Saved data entries
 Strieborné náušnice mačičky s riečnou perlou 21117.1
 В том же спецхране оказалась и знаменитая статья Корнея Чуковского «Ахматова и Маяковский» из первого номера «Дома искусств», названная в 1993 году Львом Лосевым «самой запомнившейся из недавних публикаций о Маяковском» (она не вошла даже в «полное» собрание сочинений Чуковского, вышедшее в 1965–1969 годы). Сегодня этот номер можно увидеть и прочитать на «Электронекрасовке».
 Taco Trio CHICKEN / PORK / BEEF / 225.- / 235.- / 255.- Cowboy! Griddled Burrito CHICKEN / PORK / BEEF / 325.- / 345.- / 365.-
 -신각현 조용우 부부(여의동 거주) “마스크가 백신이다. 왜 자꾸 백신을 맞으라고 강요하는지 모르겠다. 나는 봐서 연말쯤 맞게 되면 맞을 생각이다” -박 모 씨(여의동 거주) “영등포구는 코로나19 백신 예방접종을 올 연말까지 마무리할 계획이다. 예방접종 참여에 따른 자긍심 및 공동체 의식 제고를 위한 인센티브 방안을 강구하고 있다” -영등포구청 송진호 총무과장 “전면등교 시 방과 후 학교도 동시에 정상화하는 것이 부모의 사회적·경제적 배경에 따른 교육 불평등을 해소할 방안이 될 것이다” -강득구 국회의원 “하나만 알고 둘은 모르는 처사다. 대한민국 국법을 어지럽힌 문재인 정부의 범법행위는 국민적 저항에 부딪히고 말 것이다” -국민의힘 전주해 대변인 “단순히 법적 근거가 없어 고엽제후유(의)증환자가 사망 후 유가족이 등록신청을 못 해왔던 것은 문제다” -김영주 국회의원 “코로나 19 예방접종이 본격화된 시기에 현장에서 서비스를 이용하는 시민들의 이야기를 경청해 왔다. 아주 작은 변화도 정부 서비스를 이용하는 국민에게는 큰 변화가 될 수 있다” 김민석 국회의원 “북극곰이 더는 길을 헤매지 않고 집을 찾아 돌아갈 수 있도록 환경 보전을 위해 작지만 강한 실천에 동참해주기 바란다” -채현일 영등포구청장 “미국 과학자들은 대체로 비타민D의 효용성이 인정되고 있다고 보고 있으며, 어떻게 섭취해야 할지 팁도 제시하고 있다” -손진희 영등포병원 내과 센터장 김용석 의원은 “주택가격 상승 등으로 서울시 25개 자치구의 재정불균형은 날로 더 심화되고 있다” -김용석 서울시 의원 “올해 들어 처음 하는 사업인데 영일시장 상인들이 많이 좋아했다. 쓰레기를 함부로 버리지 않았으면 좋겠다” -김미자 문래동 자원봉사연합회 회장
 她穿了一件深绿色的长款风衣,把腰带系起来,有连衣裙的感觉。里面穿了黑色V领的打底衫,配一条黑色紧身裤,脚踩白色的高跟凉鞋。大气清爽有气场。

---

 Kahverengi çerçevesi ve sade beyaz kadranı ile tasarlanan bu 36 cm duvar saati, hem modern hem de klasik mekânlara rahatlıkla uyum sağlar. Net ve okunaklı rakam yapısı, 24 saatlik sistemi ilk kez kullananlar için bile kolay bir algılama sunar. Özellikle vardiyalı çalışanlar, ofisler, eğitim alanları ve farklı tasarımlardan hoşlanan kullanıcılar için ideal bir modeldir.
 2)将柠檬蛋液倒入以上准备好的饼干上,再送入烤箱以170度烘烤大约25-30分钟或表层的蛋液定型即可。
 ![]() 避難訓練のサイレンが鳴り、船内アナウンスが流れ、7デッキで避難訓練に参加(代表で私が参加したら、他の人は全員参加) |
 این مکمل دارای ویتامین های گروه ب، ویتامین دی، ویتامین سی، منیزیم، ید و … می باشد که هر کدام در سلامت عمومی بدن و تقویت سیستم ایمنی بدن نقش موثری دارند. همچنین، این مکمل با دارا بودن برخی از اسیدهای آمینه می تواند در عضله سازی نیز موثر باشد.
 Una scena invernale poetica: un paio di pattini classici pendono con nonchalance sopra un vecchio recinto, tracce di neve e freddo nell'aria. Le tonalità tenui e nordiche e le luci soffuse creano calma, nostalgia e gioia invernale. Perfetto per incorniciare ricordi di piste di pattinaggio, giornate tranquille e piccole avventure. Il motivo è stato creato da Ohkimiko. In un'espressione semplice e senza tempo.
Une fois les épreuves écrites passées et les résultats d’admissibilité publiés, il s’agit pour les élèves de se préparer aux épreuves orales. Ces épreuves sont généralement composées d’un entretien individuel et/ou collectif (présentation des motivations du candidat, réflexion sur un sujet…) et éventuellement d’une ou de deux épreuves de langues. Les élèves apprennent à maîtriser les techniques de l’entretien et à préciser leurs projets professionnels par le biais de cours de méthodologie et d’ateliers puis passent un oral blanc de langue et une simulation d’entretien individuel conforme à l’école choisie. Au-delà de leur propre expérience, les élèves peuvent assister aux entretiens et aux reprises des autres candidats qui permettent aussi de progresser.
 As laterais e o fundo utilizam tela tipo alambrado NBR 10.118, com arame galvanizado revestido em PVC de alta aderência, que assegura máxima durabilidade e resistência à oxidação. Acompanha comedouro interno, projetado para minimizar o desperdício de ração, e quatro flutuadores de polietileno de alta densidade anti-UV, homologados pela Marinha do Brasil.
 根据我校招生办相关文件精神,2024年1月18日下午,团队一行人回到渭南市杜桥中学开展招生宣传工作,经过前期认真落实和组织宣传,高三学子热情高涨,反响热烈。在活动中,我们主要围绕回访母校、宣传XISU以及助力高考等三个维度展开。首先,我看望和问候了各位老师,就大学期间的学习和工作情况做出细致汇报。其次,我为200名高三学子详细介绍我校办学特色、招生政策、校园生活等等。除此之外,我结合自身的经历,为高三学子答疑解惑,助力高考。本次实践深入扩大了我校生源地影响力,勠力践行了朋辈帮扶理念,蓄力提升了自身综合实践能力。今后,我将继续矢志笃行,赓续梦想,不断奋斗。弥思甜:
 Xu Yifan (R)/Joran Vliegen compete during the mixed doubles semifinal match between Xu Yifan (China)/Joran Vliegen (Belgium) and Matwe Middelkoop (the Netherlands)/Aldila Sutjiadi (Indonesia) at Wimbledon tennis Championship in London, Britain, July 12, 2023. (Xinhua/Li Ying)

● **The task**:
Look above for the line with "Strieborné náušnice mačičky" and the line with "-신각현 조용우 부부(여의동"; transcribe both and all lines in between, exactly, and nothing else.

● **Reply to the task**:
 Strieborné náušnice mačičky s riečnou perlou 21117.1
 В том же спецхране оказалась и знаменитая статья Корнея Чуковского «Ахматова и Маяковский» из первого номера «Дома искусств», названная в 1993 году Львом Лосевым «самой запомнившейся из недавних публикаций о Маяковском» (она не вошла даже в «полное» собрание сочинений Чуковского, вышедшее в 1965–1969 годы). Сегодня этот номер можно увидеть и прочитать на «Электронекрасовке».
 Taco Trio CHICKEN / PORK / BEEF / 225.- / 235.- / 255.- Cowboy! Griddled Burrito CHICKEN / PORK / BEEF / 325.- / 345.- / 365.-
 -신각현 조용우 부부(여의동 거주) “마스크가 백신이다. 왜 자꾸 백신을 맞으라고 강요하는지 모르겠다. 나는 봐서 연말쯤 맞게 되면 맞을 생각이다” -박 모 씨(여의동 거주) “영등포구는 코로나19 백신 예방접종을 올 연말까지 마무리할 계획이다. 예방접종 참여에 따른 자긍심 및 공동체 의식 제고를 위한 인센티브 방안을 강구하고 있다” -영등포구청 송진호 총무과장 “전면등교 시 방과 후 학교도 동시에 정상화하는 것이 부모의 사회적·경제적 배경에 따른 교육 불평등을 해소할 방안이 될 것이다” -강득구 국회의원 “하나만 알고 둘은 모르는 처사다. 대한민국 국법을 어지럽힌 문재인 정부의 범법행위는 국민적 저항에 부딪히고 말 것이다” -국민의힘 전주해 대변인 “단순히 법적 근거가 없어 고엽제후유(의)증환자가 사망 후 유가족이 등록신청을 못 해왔던 것은 문제다” -김영주 국회의원 “코로나 19 예방접종이 본격화된 시기에 현장에서 서비스를 이용하는 시민들의 이야기를 경청해 왔다. 아주 작은 변화도 정부 서비스를 이용하는 국민에게는 큰 변화가 될 수 있다” 김민석 국회의원 “북극곰이 더는 길을 헤매지 않고 집을 찾아 돌아갈 수 있도록 환경 보전을 위해 작지만 강한 실천에 동참해주기 바란다” -채현일 영등포구청장 “미국 과학자들은 대체로 비타민D의 효용성이 인정되고 있다고 보고 있으며, 어떻게 섭취해야 할지 팁도 제시하고 있다” -손진희 영등포병원 내과 센터장 김용석 의원은 “주택가격 상승 등으로 서울시 25개 자치구의 재정불균형은 날로 더 심화되고 있다” -김용석 서울시 의원 “올해 들어 처음 하는 사업인데 영일시장 상인들이 많이 좋아했다. 쓰레기를 함부로 버리지 않았으면 좋겠다” -김미자 문래동 자원봉사연합회 회장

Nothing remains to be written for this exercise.